Même si le virus reste, à ce stade, circonscrit à la Chine, la croissance mondiale déjà faible en raison des tensions commerciales entre les USA et la Chine et le Brexit anglais, pourrait être davantage affectée, le poids de la Chine dans le PIB mondial ayant plus que doublé, à près de 20% en 2019 contre 8,8% en 2003. Cela a un impact sur le cours des hydrocarbures et par conséquent sur toutes les économies rentières. Dans ce cadre, gouverner c’est prévoir, les prévisions du gouvernement algérien doivent prendre en compte toutes les hypothèses.
1.-De nombreuses compagnies aériennes, dont Air France, British Airways, Air Canada, Lufthansa, American Airlines, United Airlines, American Airlines ou Delta ont suspendu depuis fin janvier leurs vols vers la Chine continentale pour tenter de freiner la propagation du virus. Du fait du poids économique de la Chine, cela a un impact sur la croissance de l’économie mondiale selon une étude du mois de février 2020 parue dans Echos.fr, le pays représentant :
-dépense du tourisme 20%
-production de biens 19,7%
-Encours de crédit 19,6%
-commerce 13%
La demande de pétrole de la Chine est de 12% sur une demande mondiale en 2019 de 99,77 millions barils/jour soit 11,97 millions de barils jour, plus que la production russe ou celle de l’Arabie Saoudite, alors qu’avant l’épidémie il était prévu 100,98 millions de barils/jour où la croissance de l’économie mondiale devait passer de 3% en 2019 à 3,1% en 2020 avec un rebond pour les pays émergents environ 4,1%,prévisions qui ne réaliseront plus.
En effet, du fait de l’interdépendance des économies, devant analyser les impacts indirects, bon nombre d’entreprises dans le monde dépendant pour leurs inputs et pour leur marché, ces taux sont plus importants, impactant la croissance mondiale qui était déjà fragilisée. Selon « Usine Nouvelle » l’épidémie du coronavirus qui sévit en Chine depuis fin décembre aura un impact à court terme de 1 à 2 points de PIB sur l’économie chinoise. Les secteurs les plus bouleversés sont la chimie, le textile, l’automobile et l’électronique. Les pays émergents, les pays limitrophes en Asie risque d en pâtir et selon des experts l’Europe est une région vulnérable avec un risque de récession en Allemagne et en Italie.

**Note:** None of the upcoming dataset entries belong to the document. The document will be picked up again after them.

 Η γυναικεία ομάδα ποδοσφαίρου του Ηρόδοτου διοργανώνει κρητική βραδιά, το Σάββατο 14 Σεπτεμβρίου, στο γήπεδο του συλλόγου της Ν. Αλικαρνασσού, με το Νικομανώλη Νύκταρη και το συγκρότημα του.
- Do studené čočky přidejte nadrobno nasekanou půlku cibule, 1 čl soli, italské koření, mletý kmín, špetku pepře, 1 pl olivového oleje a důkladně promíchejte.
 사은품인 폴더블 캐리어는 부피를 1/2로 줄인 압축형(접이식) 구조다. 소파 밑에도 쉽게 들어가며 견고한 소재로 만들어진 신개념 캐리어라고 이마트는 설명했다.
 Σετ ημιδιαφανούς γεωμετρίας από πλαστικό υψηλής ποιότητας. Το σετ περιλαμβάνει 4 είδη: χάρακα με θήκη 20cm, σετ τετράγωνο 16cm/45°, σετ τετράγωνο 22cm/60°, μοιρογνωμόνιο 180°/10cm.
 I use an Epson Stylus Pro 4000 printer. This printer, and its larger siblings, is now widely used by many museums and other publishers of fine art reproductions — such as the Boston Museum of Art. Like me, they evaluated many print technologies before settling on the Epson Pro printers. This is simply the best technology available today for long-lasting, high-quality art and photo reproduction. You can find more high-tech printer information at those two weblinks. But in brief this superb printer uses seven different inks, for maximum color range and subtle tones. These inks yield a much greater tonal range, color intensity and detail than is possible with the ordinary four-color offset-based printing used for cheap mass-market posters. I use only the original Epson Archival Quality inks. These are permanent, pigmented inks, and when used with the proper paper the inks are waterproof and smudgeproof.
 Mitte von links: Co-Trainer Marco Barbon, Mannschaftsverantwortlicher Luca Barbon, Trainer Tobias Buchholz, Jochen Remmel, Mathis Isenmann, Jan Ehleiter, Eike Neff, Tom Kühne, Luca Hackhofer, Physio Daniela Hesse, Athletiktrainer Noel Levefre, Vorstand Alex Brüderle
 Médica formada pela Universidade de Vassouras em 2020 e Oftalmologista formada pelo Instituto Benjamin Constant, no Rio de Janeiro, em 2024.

C’est que le poids de la Chine dans le PIB mondial a plus que doublé, à près de 20% en 2019 contre 8,8% en 2003, étant devenu le premier consommateur de la plupart des produits de base et le premier partenaire commercial de nombreux pays. Si l’épidémie du coronavirus venait à s’accentuer, des répercussions conséquentes, à la baisse, sur la demande chinoise et sur les cours mondiaux du pétrole et des matières premières industrielles ne sont pas à exclure. Or, la croissance mondiale, selon le FMI qui a culminé à près de 3,8 % en 2017, a fléchi à 3,6 % en 2018, et a encore ralenti en 2019, à environ 3 %. C’est dans ce cadre que bon nombre d’organismes internationaux ont donc élaboré plusieurs scénarios pour 2020 :
- Scénario optimiste avec une probabilité de 25% le taux de croissance de la Chine serait de 5,7% contre une prévision d’environ 6%,
- Scénario de base, avec une probabilité de 50% le taux de croissance de la Chine serait de 5%,
- Scénario pessimiste, avec une probabilité de 20% le taux de croissance de la Chine serait de 4,5%,
- Scénario catastrophique, l’épidémie durant plusieurs mois, avec une probabilité de 5% , le taux de croissance serait inférieur à 4%.
Dans tous les cas de figure, l’OPEP représentant environ 40% de la production commercialisée, est impuissante face à cette baisse de la demande d’autant plus que 60% se faisant hors OPEP, avec deux acteurs stratégiques les USA devenus premier producteur mondial en 2019(pétrole/ gaz de schiste) et la Russie, sans compter les nombreux producteurs nouveaux qui sont entrés sur le marché pour le gaz.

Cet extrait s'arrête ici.